Question

Let X equal the outcome (1, 2 , 3 or 4) when a fair four-sided die...

Let X equal the outcome (1, 2 , 3 or 4) when a fair four-sided die is rolled; let Y equal the outcome (1, 2, 3, 4, 5 or 6) when a fair six-sided die is rolled. Let W=X+Y.

a. What is the pdf of W?

b What is E(W)?

Homework Answers

Answer #1

W = X + Y, and X + Y ranges from a minimum value of 2 (1 + 1) to a maximum value of 10 (4 + 6)
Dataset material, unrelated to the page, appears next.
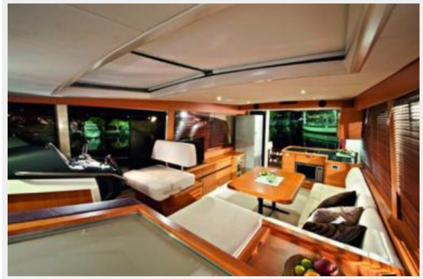
Greenline Hybrid 40 Seating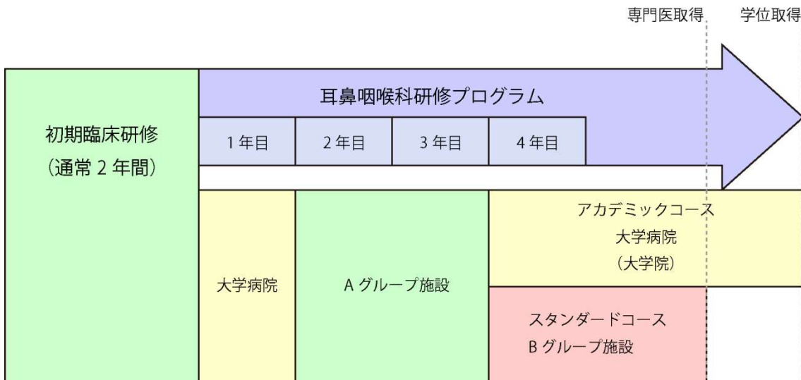
図 1：基本的研修プラン、研修コース例

Total outcomes = 4 * 6 = 24

P(Sum = 2) = (1,1) = 1/24

P(Sum = 3) = (1,2) (2,1) = 2/24 = 1/12

P(Sum = 4) = (1,3) (3,1) (2,2) = 3/24 = 1/8

P(Sum = 5) = (1,4) (4,1) (2,3) (3,2) = 4/24 = 1/6

P(Sum = 6) = (1,5) (2,4) (4,2) (3,3) = 4/24 = 1/6

P(Sum = 7) = (1,6) (2,5) (3,4) (4,3) = 4/24 = 1/6

P(Sum = 8) = (2,6) (3,5) (4,4) = 3/24 = 1/8

P(Sum = 9) = (3,6) (4,5) = 2/24 = 1/12

P(Sum = 10) = (4,6) = 1/24

(a) Therefore the pdf is as below

W 2 3 4 5 6 7 8 9 10
P(W) 1/24 1/12 1/8 1/6 1/6 1/6 1/8 1/12 1/24

(b) Expected value = SUM [E - P(W) ] = (2 * 1/24) + (3 * 1/12) + (4 * 1/8) + (5 * 1/6) + (6 * 1/6) + 7 * (1/6) + (8 * 1/8) + (9 * 1/12) + (10 * 1/24)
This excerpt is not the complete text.